» Provided data:

--- --- ---

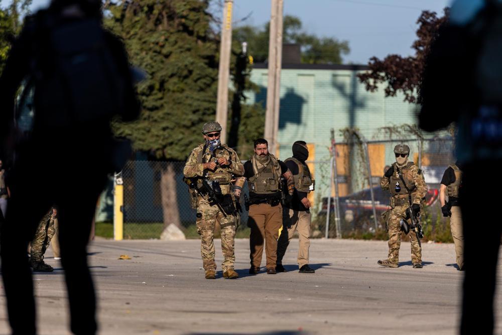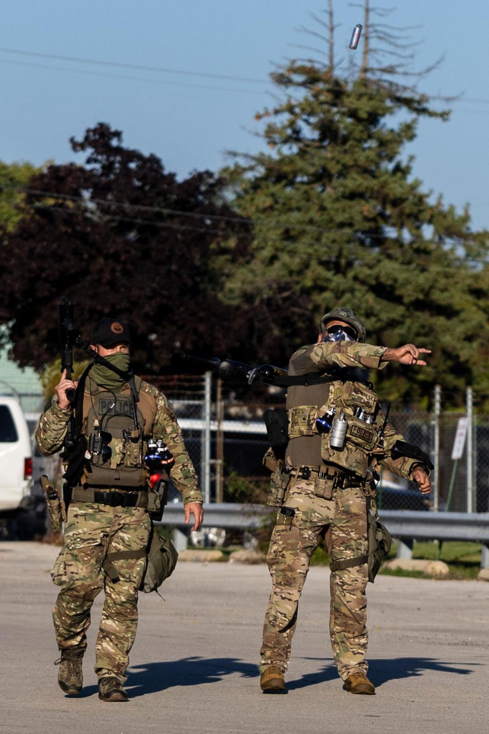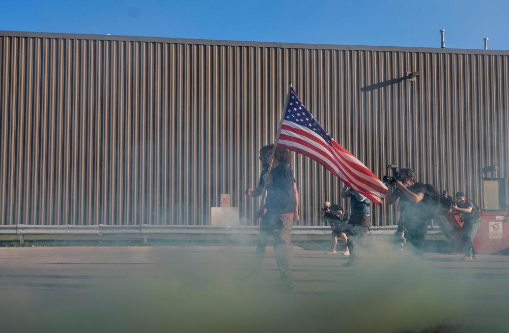 9月26日,在位于美国芝加哥西郊布罗德维尤市的移民与海关执法局办事机构外,上演着抗议者与执法人员的对峙和冲突。
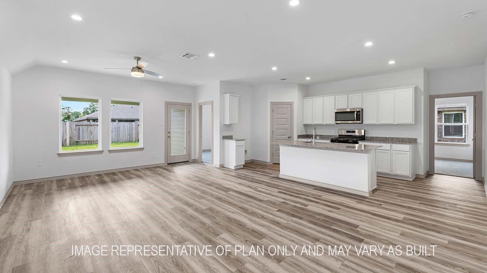 Discover the Camden floorplan, this beautiful single story 2-car garage home in Orange, Texas is just what you have been looking for. Inside this 3-bedroom, 2-bathroom floorplan, you’ll find approximately 1,501 square foot home that makes the most of its space. The living area Is an open concept, where your kitchen, living, and dining areas blend seamlessly into a space perfect for everyday living and entertaining. The kitchen features shaker-style cabinets and granite countertops. It also includes a breakfast bar and separate pantry for extra storage space. The standard covered patio is located off the family room for you to enjoy the views of nature from the backyard. The primary bedroom features an attached primary bathroom and a spacious walk-in closet for all your belongings. The spacious secondary bedrooms are carpeted and have easy access to the laundry room and secondary bathroom. You’ll enjoy the smart home technology that is built into every D.R. Horton home.
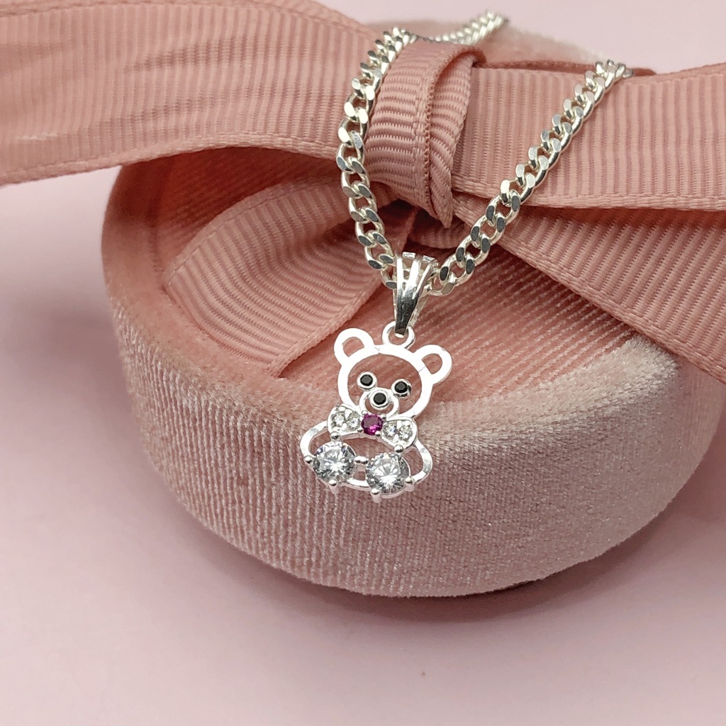 Dây Chuyền Trẻ Em Bạc 925 Hình Mặt Gấu Dễ Thương Chính Hãng Bạc Hiểu Minh DTE063
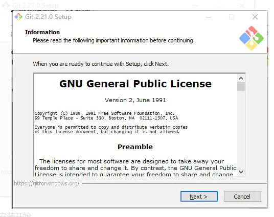 第一步:双击下载后的Git-2.21.0-64-bit.exe,开始安装

--- --- ---

» Task to carry out: Type out the data above once more, exactly, with no images included.

» Completed task:
 9月26日,在位于美国芝加哥西郊布罗德维尤市的移民与海关执法局办事机构外,上演着抗议者与执法人员的对峙和冲突。
 Discover the Camden floorplan, this beautiful single story 2-car garage home in Orange, Texas is just what you have been looking for. Inside this 3-bedroom, 2-bathroom floorplan, you’ll find approximately 1,501 square foot home that makes the most of its space. The living area Is an open concept, where your kitchen, living, and dining areas blend seamlessly into a space perfect for everyday living and entertaining. The kitchen features shaker-style cabinets and granite countertops. It also includes a breakfast bar and separate pantry for extra storage space. The standard covered patio is located off the family room for you to enjoy the views of nature from the backyard. The primary bedroom features an attached primary bathroom and a spacious walk-in closet for all your belongings. The spacious secondary bedrooms are carpeted and have easy access to the laundry room and secondary bathroom. You’ll enjoy the smart home technology that is built into every D.R. Horton home.
 Dây Chuyền Trẻ Em Bạc 925 Hình Mặt Gấu Dễ Thương Chính Hãng Bạc Hiểu Minh DTE063
 第一步:双击下载后的Git-2.21.0-64-bit.exe,开始安装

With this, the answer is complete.